Table 3. Correlation coefficient between illness perception, patient health and psychological hardiness and its dimensions in Covid-19 survived patients (n = 205).

1 2 3 4 5 6
1. Hardiness 1
2. Commitment 0.892** 1
3. Control 0.916** 0.725** 1
4. Challenge 0.769** 0.498** 0.624** 1
5. Illness perception -0.148* -0.219** -0.079 -0.055 1
6. Patient Health -0.418** -0.529** -0.280** -0.223** 0.290** 1

**P<0.01, *P<0.05

According to the results of Table 3, there is a significant and positive relationship between psychological hardiness and sub-components of commitment, control, and challenge (P<0.01). There is a significant negative relationship between psychological hardiness and patient health (P<0.01) and illness perception (P<0.05).

The maximum likelihood method was used to evaluate the structural model and fitting it to the collected data. In this study, Mardia’s normalized multivariate kurtosis value was used to check multivariate normality. This value was 10.66 in the present study, which is less than 15 and is calculated by the p (p + 2) formula. In this formula, p is equal to the number of latent variables in the model, 3 in this study.20 To determine the fitting of the proposed research model, the indicators suggested by Meyers, Gamst, and Guarino21(p559) were used, the values of which are reported in Table 4. By testing this model, it was decided to answer whether the structural relationship between psychological hardiness and patient health fits through the mediating role of illness perception of Covid-19 survived patients?

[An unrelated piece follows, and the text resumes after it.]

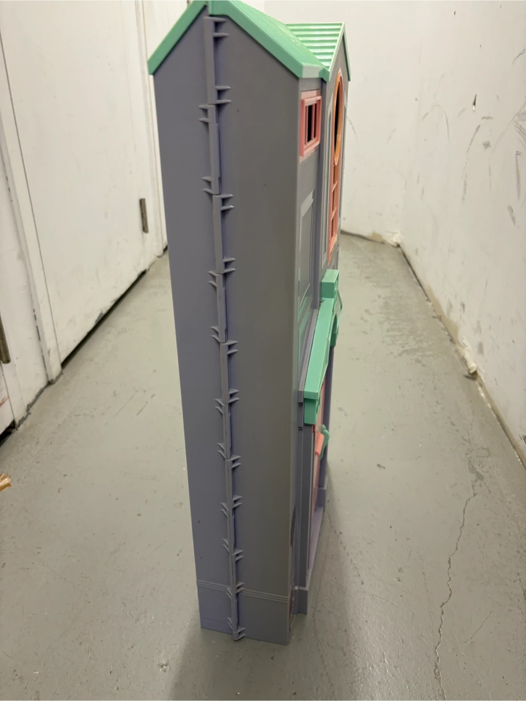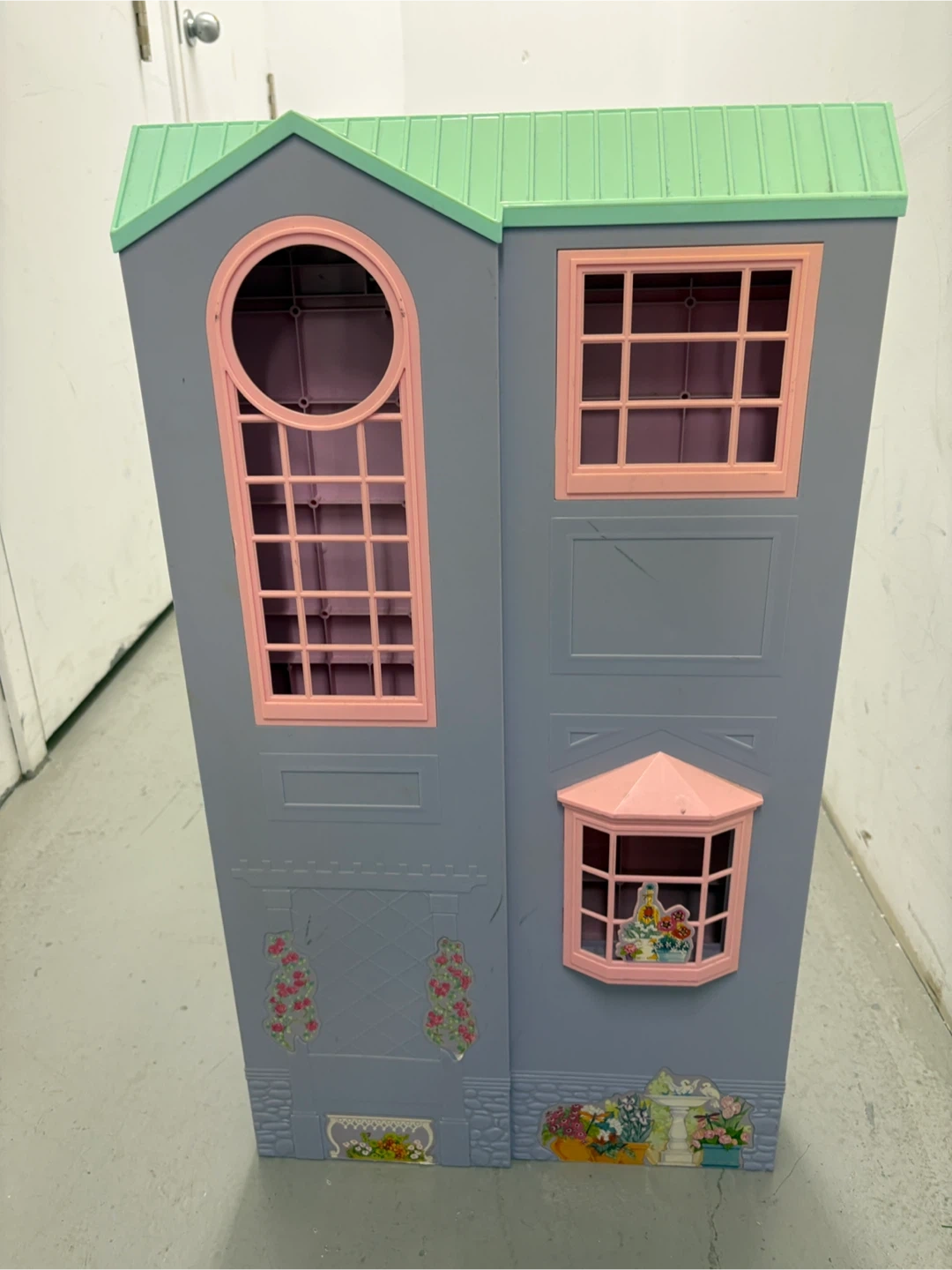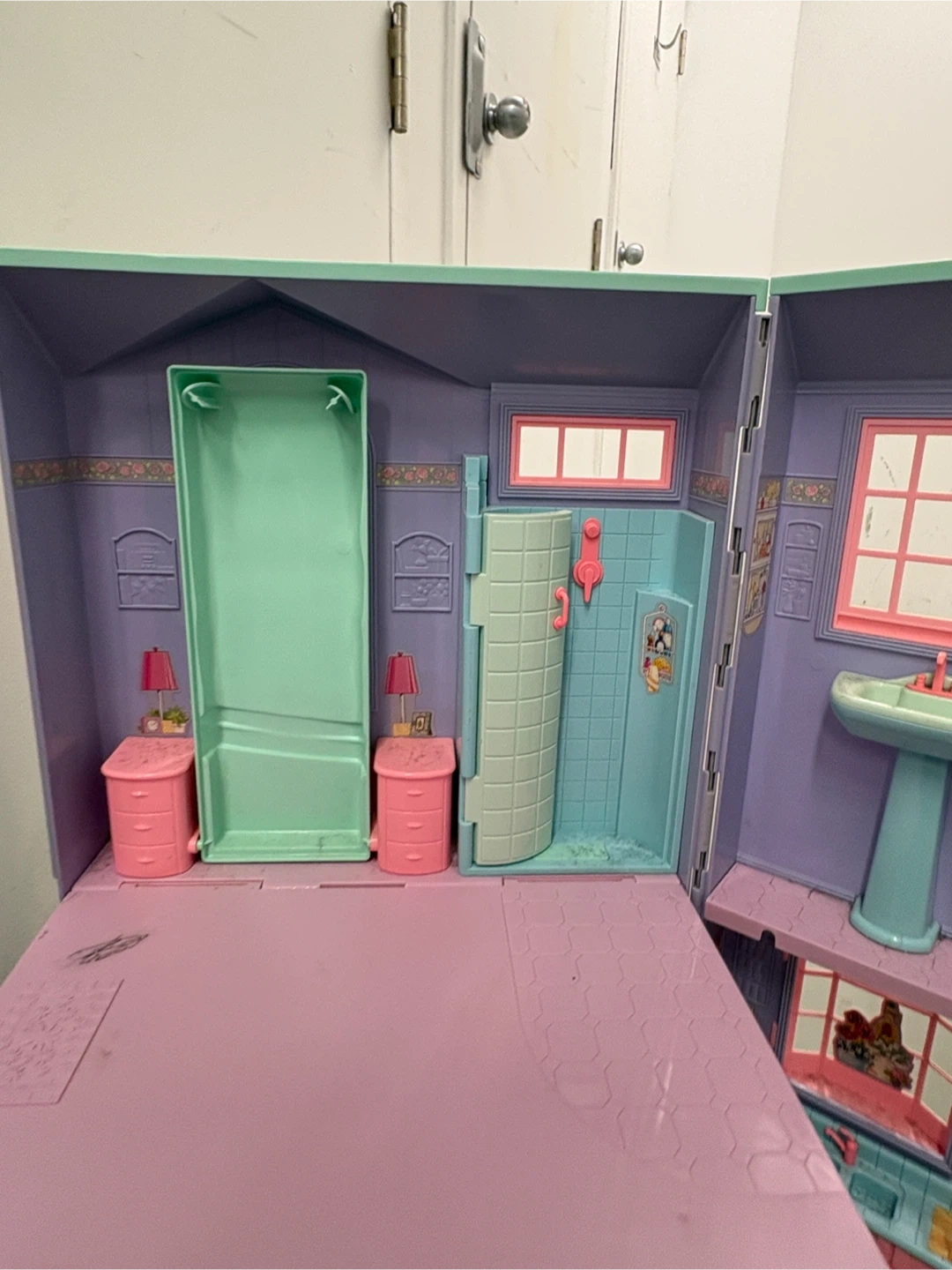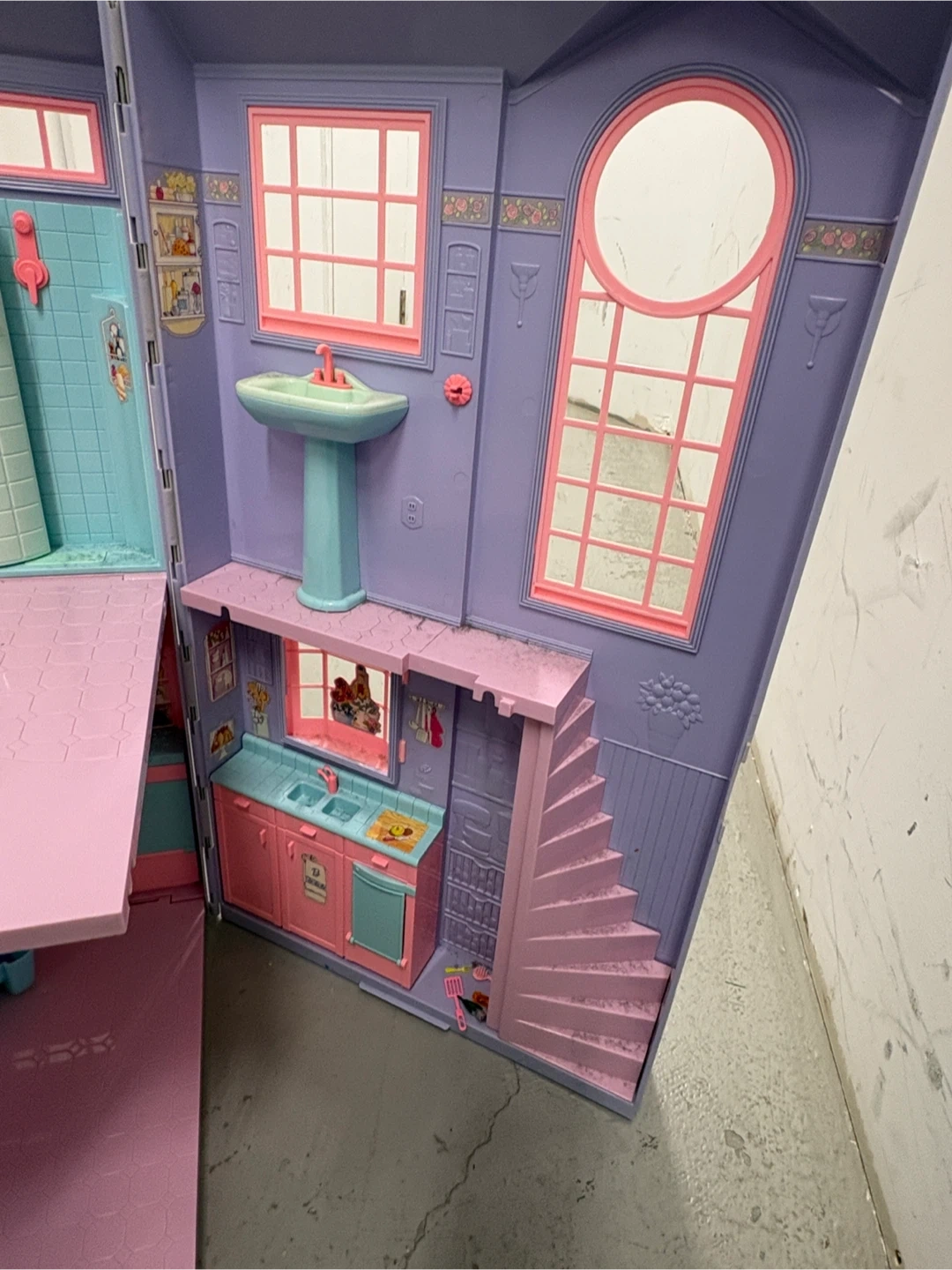 This foldable dollhouse is a fun accessory for your Barbie collection. It features a bedroom, bathroom, and kitchen area. The pink and purple plastic construction is durable for playtime. It unfolds for easy access to all rooms!

Table 4. Fit indices of the primary and modified model.

Models χ2 df P-value χ2/df RMSEA PNFI CFI PCFI IFI GFI
Primary model 609.13 169 0.0001 3.640 0.095 0.570 0.807 0.629 0.811 0.881
Improved model 380.16 154 0.0001 2.469 0.075 0.629 0.950 0.689 0.953 0.964

*Abbreviations; CFA: Confirmatory Factor Analysis; CMIN/DF: Chi-square/degree-of-freedom ratio; RMSEA: Root Mean Square Error of Approximation; PCFI: Parsimonious Comparative Fit Index; GFI: Goodness of Fit Index; PNFI: Parsimonious Normed Fit Index; IFI: Incremental Fit Index; CFI: Comparative Fit Index. Fit indices: PNFI, PCFI (>.5), CFI, IFI, GFI (>.9), RMSEA (<0.05 good,0.05-0.08 accept, 0.08-0.1 marginal), CMIN/DF (< 3 good, <5 acceptable).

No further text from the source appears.